I want to look at several other aspects of Christ's statement in Matthew as I thought about what God has done for you and me in creating the marriage relationship. We are all familiar with the passages in Ephesians where Paul talks about Christians being the Bride of Christ...

"Now as the church submits to Christ, so also wives should submit to their husbands in everything. Husbands, love your wives, just as Christ loved the church and gave himself up for her to make her holy, cleansing her by the washing with water through the word, and to present her to himself as a radiant church, without stain or wrinkle or any other blemish, but holy and blameless. "For this reason a man will leave his father and mother and be united to his wife, and the two will become one flesh." This is a profound mystery--but I am talking about Christ and the church." Ephesians 5:24-27, 31-32

In Christ as in marriage, we are joined together as one for there is unity in the Body of Christ. Paul speaks again to this in Ephesians...
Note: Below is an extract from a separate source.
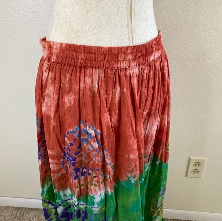 $ 1.59Linne by Gunda Japanese Denim Army Green Midi Skirt with Mickey Embellishment Women 30 Inch

"There is one body and one Spirit--just as you were called to one hope when you were called--one Lord, one faith, one baptism; one God and Father of all, who is over all and through all and in all." Ephesians 4:4-6

This relationship of the Church (the Body of Christ) to Christ is further laid out for us in Revelations where the Body of Christ is the bride of Christ...

"For the wedding of the Lamb has come, and his bride has made herself ready." Revelations 19:7b

Finally, I want to look at the 17th chapter of John. In this beautiful prayer, Christ prays for all believers. He lays out for us the 'oneness' of Father God, Jesus Christ, and you and I (the Body of Christ)...

"My prayer is...that all of them may be one, Father, just as you are in me and I am in you. May they also be in us so that the world may believe that you have sent me. I have given them the glory that you gave me, that they may be one as we are one: I in them and you in me. May they be brought to complete unity to let the world know that you sent me and have loved them even as you have loved me." John 17:20a, 21-23

Thus you can see, both in marriage as well as in our Christian faith, God seeks a one flesh relationship, a oneness, a unity in all our relationships. Anything less is not acceptable. When Christ states in Matthew that man should not destroy this relationship, I equate the word 'man' with the word 'world', namely Satan and his influences. For when a divorce occurs, Satan has entered and destroyed that marriage relationship. It is only through the Resurrection power of God that a dead marriage can be brought back to life and the marriage rebuilt.

Therefore what God has joined together...

Standing firm until parted by death,
Ben in Texas
Rejoice Marriage Ministries, Inc.
Post Office Box 10548
Pompano Beach, FL 33061 USA
WELCOME - Rejoice Marriage Ministries (Ministry web site)


----------



## mbartz462 (Aug 22, 2010)

Well I had my "date" with my niece today and it went great. We didn't talk about the divorce at all and just had a realy fun time together. On the way home I finally said something about how I was surprised to hear from her and was surprised that she would risk her relationship with my STBX. She said that if my STBX got mad and stopped talking to her then that was my STBX's fault and not hers. She said that she didn't really know anything about the divorce because she hadn't really even had any contact with my STBX and she said she didn't really care because she doesn't want to change her opinion of anyone. She told me that I will always be her uncle and she'll always love me and consider me family. She was such a sweetheart about everything, it was such a relief to be able to spend the day with her and get my mind off this divorce garbage (for the most part,you guys know it never fully leaves your mind). The only thing that got to me was the really strange fact that she looks a lot like my STBX, they could be sisters or mother/daughter! Everyone always says that about them. Well, I'd really appreciate some input or thoughts on this stuff guys, I could really use it.


----------



## mbartz462 (Aug 22, 2010)

Well f*ck it, it's over. Talked to her today and it was just more of the "please come home, I'm doing everything I can to get healthy for me and us" and the "sorry but I'm done, leave me alone and let it go". This is such bullsh*t. I just can't stop trying to fix this and all I'm doing is pushing her away and validating her decision to leave. I can't f*cking control my emotions and it's causing me to do the dumbest things that are just pushing her away more. God I feel like I'm losing my mind...this is absolutely horrible, I wish this would all just go away. It wasn't supposed to be like this...


----------



## PreludeCkN (Jan 21, 2010)

I'll pray that you'll go from the darkness into the light.


----------